# Sport pony pricing



## back in the crosby again (Feb 4, 2009)

Islandwave's thread about her project pony gave me the courage to put my little girl up here. 

She is 7 years old, 14.2, she was inspected and registered first premium by American Sport Pony registry. I have trained her from the ground up basically. 
She is super calm, and has great ground manners (ties, clips, and trailers easily). In the two years I have been working with her she has not spooked at anything. I have been doing dressage with her mostly. She is solid training level and I have done some crossrails with her too. I plan on doing more jumping with her this summer after I get some more jumps built. She will w/t on a loose rein. She trail rides, goes through water etc. I have taken her to one schooling show and will do more this summer. 

Her down sides are that she can be a bit mare-ish when in season. She is sensitive to the rider balance, meaning if you get out of balance then she also gets out of balance and gets a bit of attitude pining ears and gives dirty looks.

The pictures are from last year when I had her inspected. She has more muscle now. 

So, for the question what would you expect to see her priced at?


----------



## back in the crosby again (Feb 4, 2009)

Conformation critiques are welcome as well. Since having her inspected and showing her in hand I have gotten professional opinions on her conformation, but am open to what you have to say as well. 

Here are a couple of pictures of her moving. She has spectacular gaits, which can also be a downside as most of my market for a horse her size are kids and kids might have a hard time riding her big gaits.


----------



## maura (Nov 21, 2009)

Well, first of all, I think she's lovely. I think she's a terrific sport pony type, and I love her and want her. Her confo looks more suited to dressage to me; she definitely has the uphill build and neck shoulder connection of a dressage horse.

Pricing her is problematic - she's not really a kid's pony; so your market is a petite adult. Then you have to look at your area and see if someone's serious about competing; would they be willing to compete a pony and a pinto at that? I would look at warmbloods of similiar age, price, movement and training in your are and then discount the price slightly. I don't like it, but she will not have the same market or bring the same price as a WB with similiar attributes. 
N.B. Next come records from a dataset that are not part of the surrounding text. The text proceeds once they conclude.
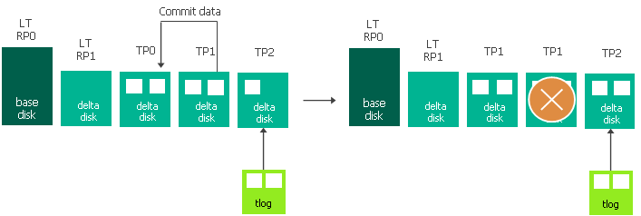 - Veeam Backup & Replication removes the earliest delta disk file from the chain as redundant — this data has already been committed into the base disk file.
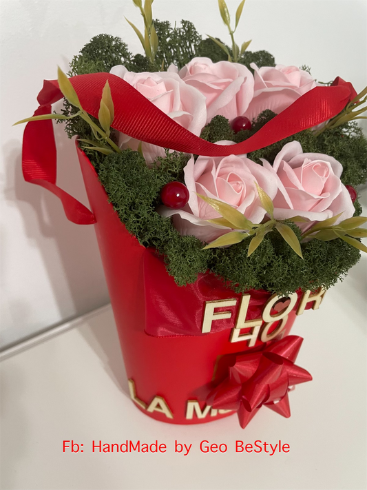 Cosulet personalizat cu trandafiri de sapun si licheni
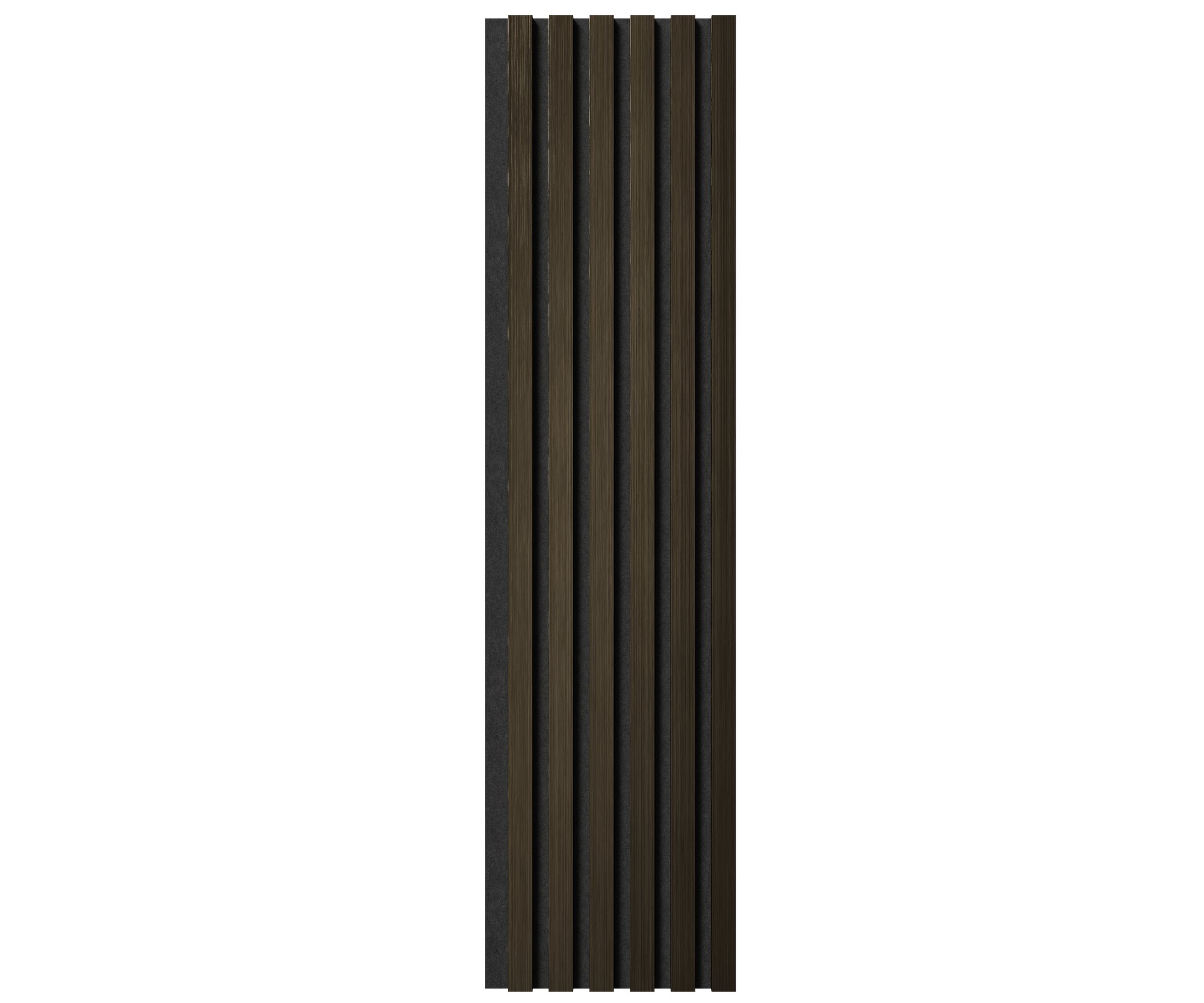 Акустическая панель, черный войлок, 1200х600х21мм, рейки МДФ, шпон дуб антрацит темно-серый. Cosca Decor

I think her best market may be as an event pony. She has the movement and solid foundation to rock the dressage, and there's absolutely no prejudice against color or size in that discipline. Adults can compete ponies *very* successfully. You could probably find a solid C or B pony clubber (Or a petite skilled adult) who could get her going over fences and she'd be awesome. Right now, however, you'd be selling her as a green prospect. A spectacular one, but still a green prospect. 

Third potential market for her is as a hunter pony. She has the movement to win the hack, no question, but your photos don't show her form over fences, and she's some ways away from being finished enough to jump a hunter course. So again, you're selling a very talented green prospect. 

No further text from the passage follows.